▶ _WHAT YOU NEED TO DO_
Leaving out all pictures, give again each line exactly, from the start of the listing through the line that contains "Dupont cable male".

DATA PROVIDED Block Start

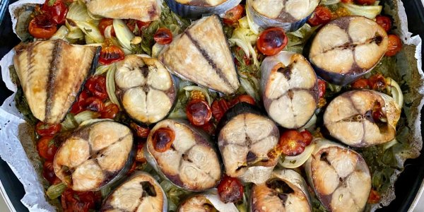 Название: Скумбрия, запечённая с черри и луком
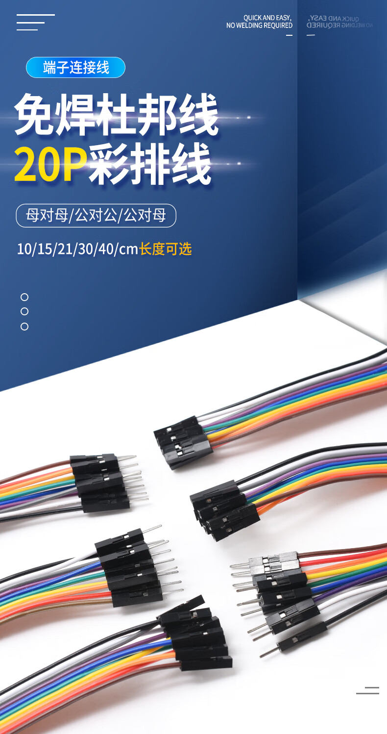 Dupont cable male to male female to female male to female 20p rehearsal cable connecting cable 10/15/21/30/40/cm Dupont cable 10cm three combinations (30 in total) No Specifications
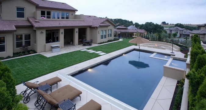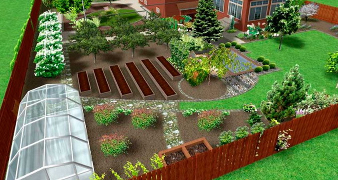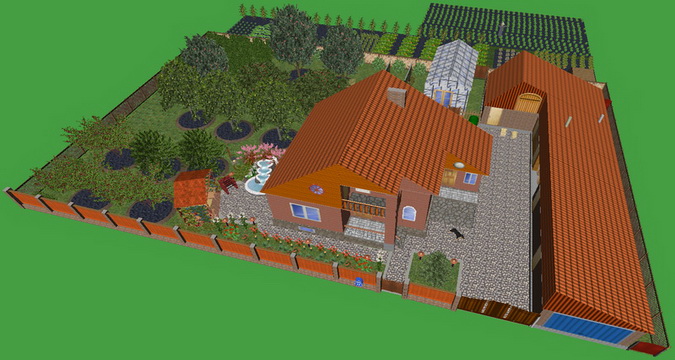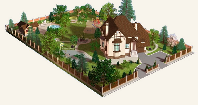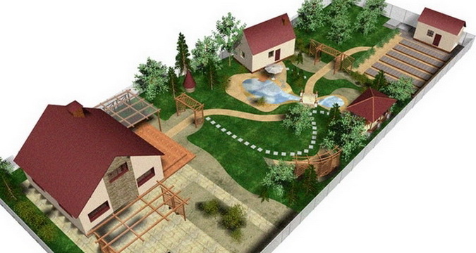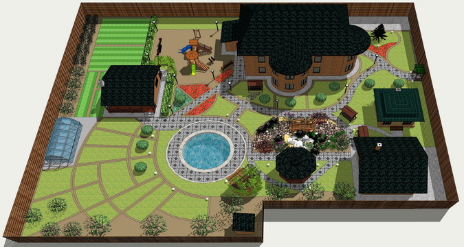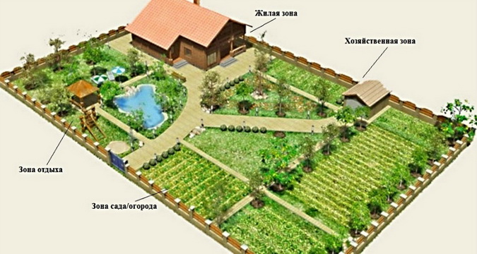 Здесь же можно устроить соразмерный площади участка водоем (пруд или бассейн), не дренирующий свои воды в грунт. Располагать жилую зону в глубине территории имеет смысл в том случае, если проведение садово-огородных и животноводческих работ не планируется и хозяйственная зона невелика.
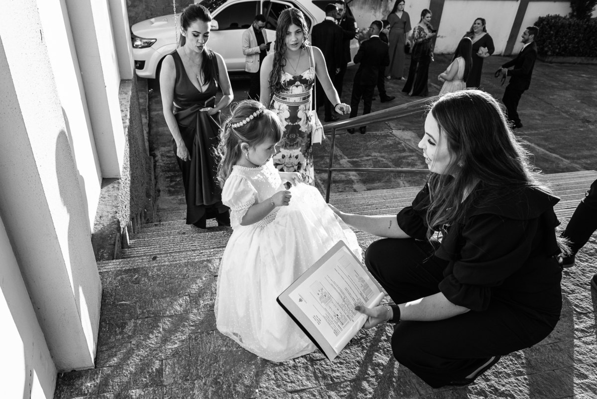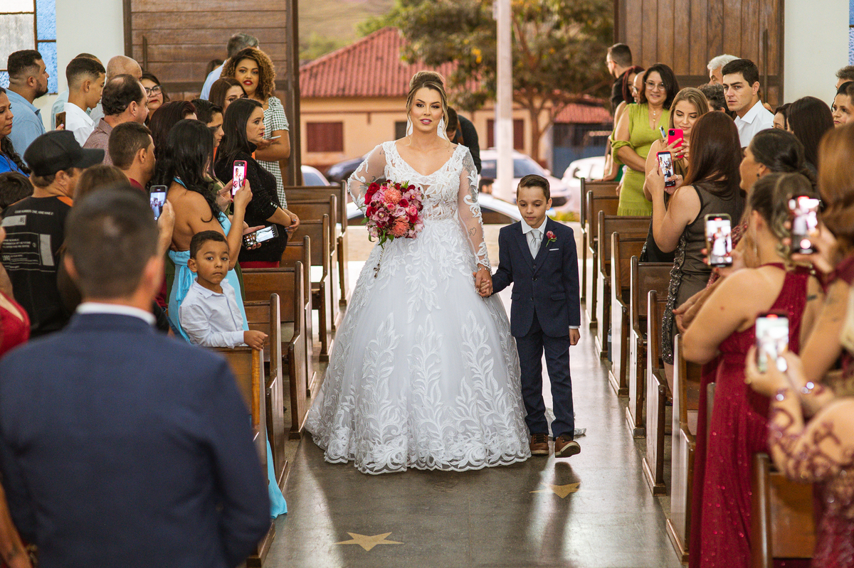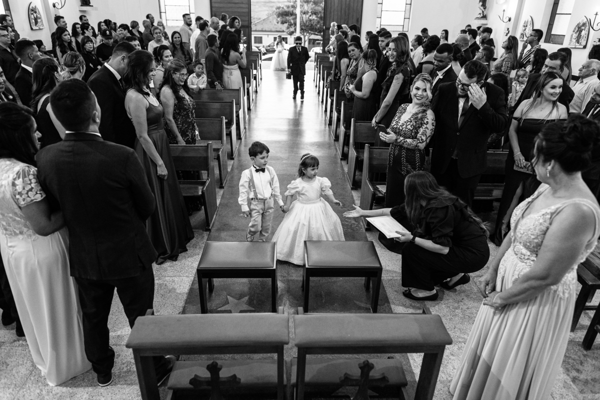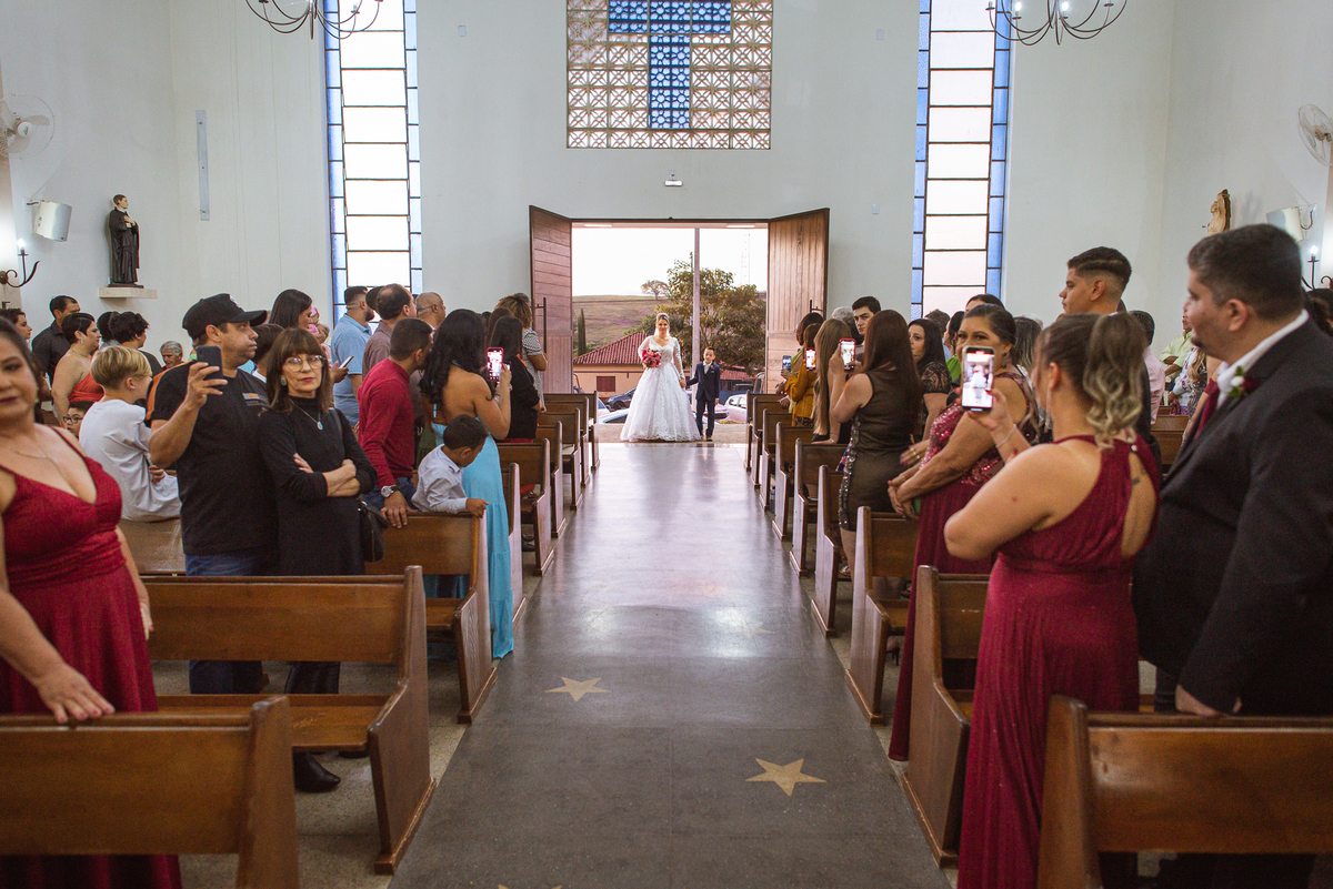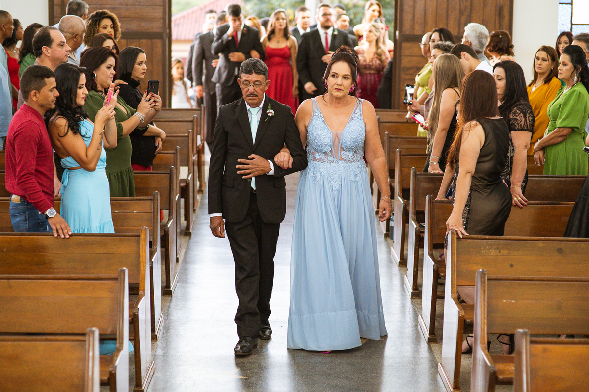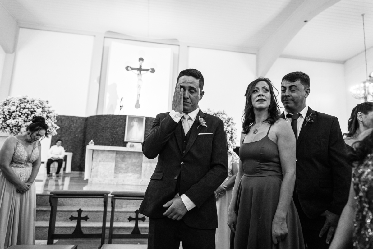 Bruna preparou uma homenagem linda para seu pai. Era surpresa pra todos. Enquanto o noivo entrava e os padrinhos iam se acomodando, os pajens também entraram. Quando as portas da Igreja se fecharam, ela organizou a surpresa. Com um balão em formato de coração e com a escrita "PAI" nele, as portas se abriram e ela diante de todos beijou o balão como se representasse ali a presença de seu Pai. Após o beijo, ela soltou o balão como forma de despedida e como se lá de cima ele estivesse olhando e sorrindo pra ela. Por mais singelo que possa parecer esse ato, ele representou muito e emocionou à todos os presentes, incluindo o fotógrafo. Quando virei pra olhar a reação do noivo, vi tantos rostos emocionados que mal poderia contar.

DATA PROVIDED Block End

▶ _RESULT FOR THIS EXERCISE_
 Название: Скумбрия, запечённая с черри и луком
 Dupont cable male to male female to female male to female 20p rehearsal cable connecting cable 10/15/21/30/40/cm Dupont cable 10cm three combinations (30 in total) No Specifications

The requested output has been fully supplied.